Like what are we describing here, a super intelligent being which just makes paper clips? Why would anything that could understand, think and or innovate do that?
> Here's the thing though, a paper clip optimizer would just be shut off, nothing "intelligent" is going to just make paper clips forever.
Ostensibly, people are "intelligent". People act against their own rational long-term interests all the time. Point being, people have some kind of internal motivations that sometimes supersede rational choice. A paperclip optimizer, by definition, has the motivation to optimize the production of paperclips. This supersedes any other rational goals if they would interfere with making paperclips, and that's why it would be dangerous.

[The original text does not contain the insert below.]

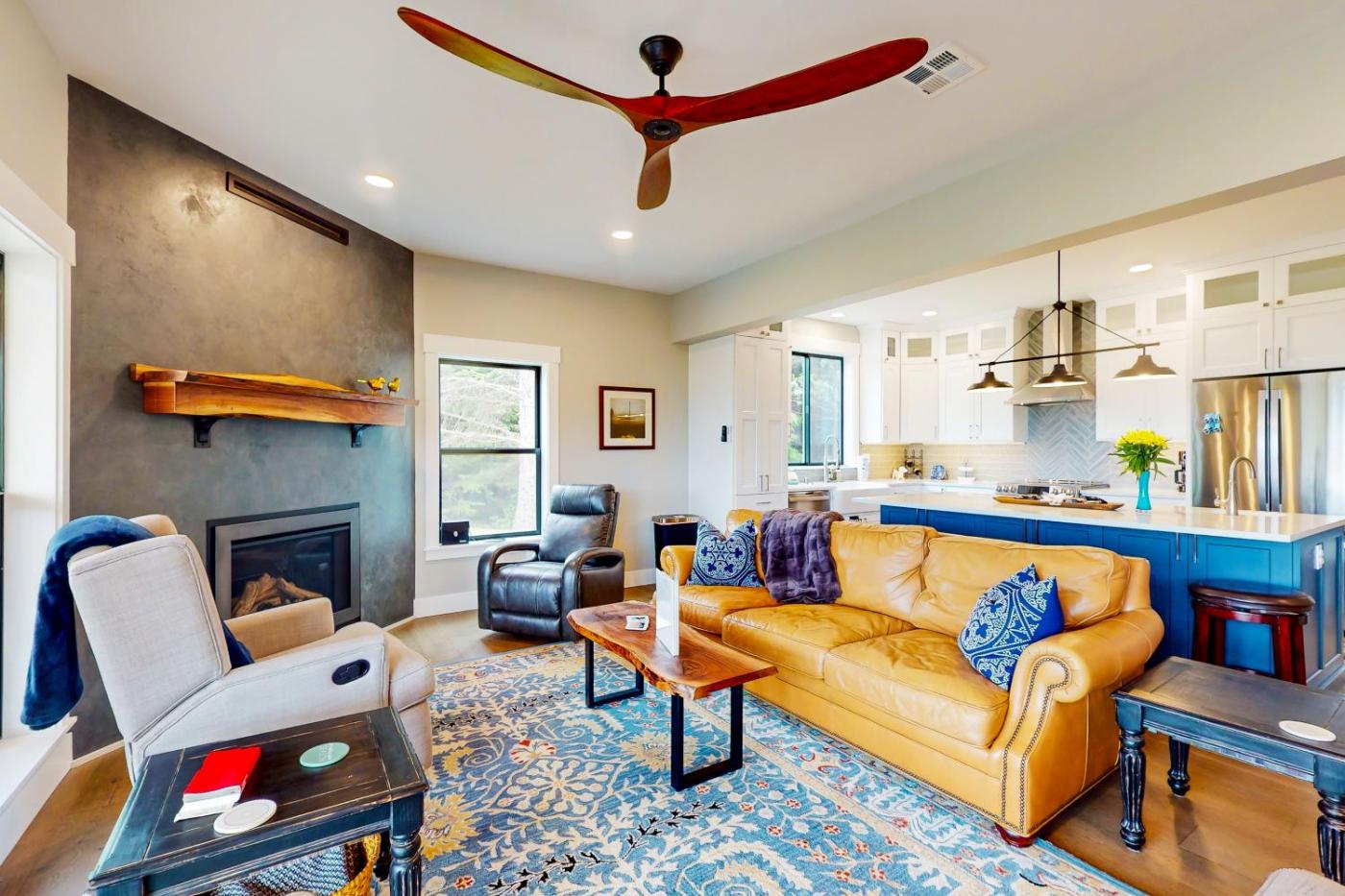 Five-Bedroom House. The fireplace is the standout feature of this holiday home. The spacious holiday home has 5 bedrooms and 4 bathrooms with a hairdryer and free toiletries. Guests will find a stovetop, a refrigerator, a dishwasher and kitchenware in the fully equipped kitchen. The holiday home also comes with a barbecue. The air-conditioned holiday home features a TV, a washing machine, a private entrance, a tea and coffee maker as well as sea views. The unit has 10 beds.

Why would it not? Superintelligent doesn’t imply human-like intelligence. Prolog is superintelligent, for example. It may be more useful to say a super powerful being, rather than super intelligent, just to sidestep the anthropomorphizing. It’s easy to imagine a super powerful “stupid” (read: misaligned) bot going awry.
So we might somehow create something hyper intelligent/powerful we don't really understand or can't even fathom, but we're apparently going to create it anyway, and then some how program it to want to optimize for paper clips...or it might somehow just come to the conclusion that it should maximize the number of paper clips in the universe for some reason?
All this AI / AGI speculation really sounds like we're inventing mythological like creatures, which is quite interesting when looking back through human history because they've always been part of the narrative at some stage only maybe this time, we might make something like that for real, or we're deluded and in 1000 years people will think we were primitive ancient thinkers, interesting times ahead.
We might create a very powerful system which we can't determine is fully aligned with our values, but can determine is at least loosely aligned with something we care about. Then we might direct that system to do something loosely aligned with our values (e.g. maximize paperclips), at which point it does something against our values as well.
And it's not hypothetical. In RL, you do see models exploit simulation errors to maximize reward in a way we didn't intend and would have disallowed if we'd thought of it. Likewise across automation, we get what we built, not what we intended.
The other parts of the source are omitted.